Experimental heart implant could fit on the head of a pin (Aug. 31)

The Stanford University School of Engineering in Stanford, Calif., announced on August 31 that a team of scientists has demonstrated the feasibility of a super-small, implantable cardiac device that obtains its power not from batteries but from radio waves transmitted from outside the body. The implanted device is contained in a cube just eight-tenths of a millimeter in radius. It could fit on the head of a pin.

The team’s findings were published in the journal Applied Physics Letters.

In their paper, the researchers described wireless power transfer to a millimeter-sized device implanted 5 centimeters inside the chest on the surface of the heart — a depth once thought out of reach for wireless power transmission.

The engineers say the research is a major step toward a day when all implants will be driven wirelessly.
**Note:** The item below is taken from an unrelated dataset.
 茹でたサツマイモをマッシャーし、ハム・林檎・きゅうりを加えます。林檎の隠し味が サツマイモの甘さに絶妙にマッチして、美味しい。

Beyond the heart, they believe such devices might include swallowable endoscopes (so-called "pillcams" that travel the digestive tract), permanent pacemakers, and precision brain stimulators.

Existing mathematical models have held that high-frequency radio waves do not penetrate far enough into human tissue, necessitating the use of low-frequency transmitters and large antennas — too large to be practical for implantable devices. The researchers found, however, that the maximum power transfer through human tissue occurs at about 1.7 billion cycles per second. This discovery meant that the team could shrink the “receive” antenna to a scale that makes wireless implantable devices feasible. At that optimal frequency, a millimeter-radius coil is capable of harvesting more than 50 microwatts of power — well in excess of the needs of a recently demonstrated eight-microwatt pacemaker.
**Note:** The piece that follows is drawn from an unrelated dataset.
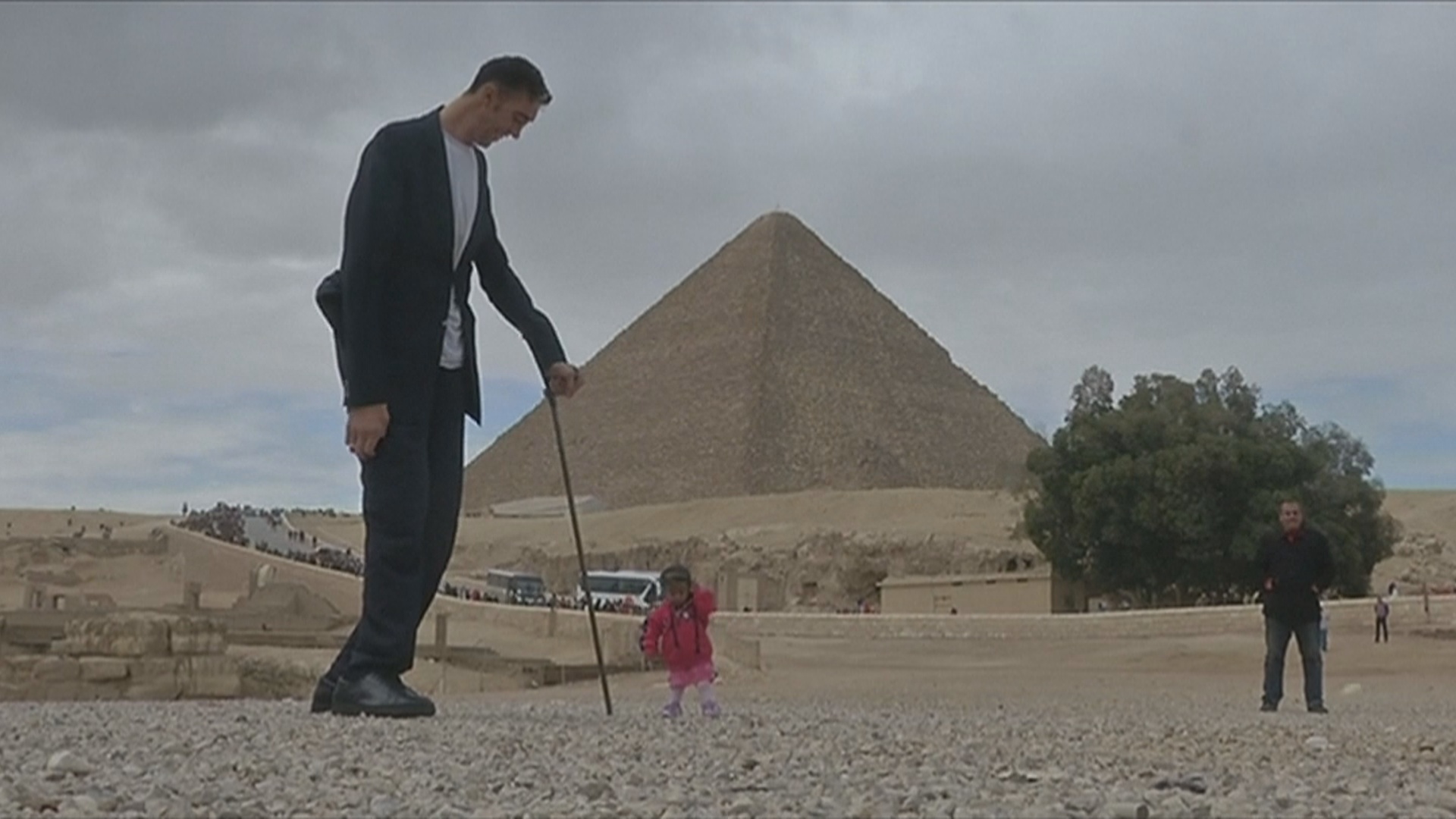 世界最高男和最嬌小女 一同遊訪金字塔

With the dimensional challenges solved, the team found themselves limited by other engineering constraints. First, electronic medical devices must meet stringent health standards, particularly with regard to tissue heating. Second, the team found that “receive” and “transmit” antennas had to be optimally oriented to achieve maximum efficiency. Differences in alignment of just a few degrees could produce troubling drops in power.

The team responded by designing a “transmit” antenna structure that delivers consistent power efficiency regardless of the orientation of the two antennas.

In addition, the new design focuses the radio waves precisely at the point inside the body where the implanted device rests on the surface of the heart, increasing the electric field where it is needed most, but canceling it elsewhere. This helps reduce overall tissue heating to levels well within current standards.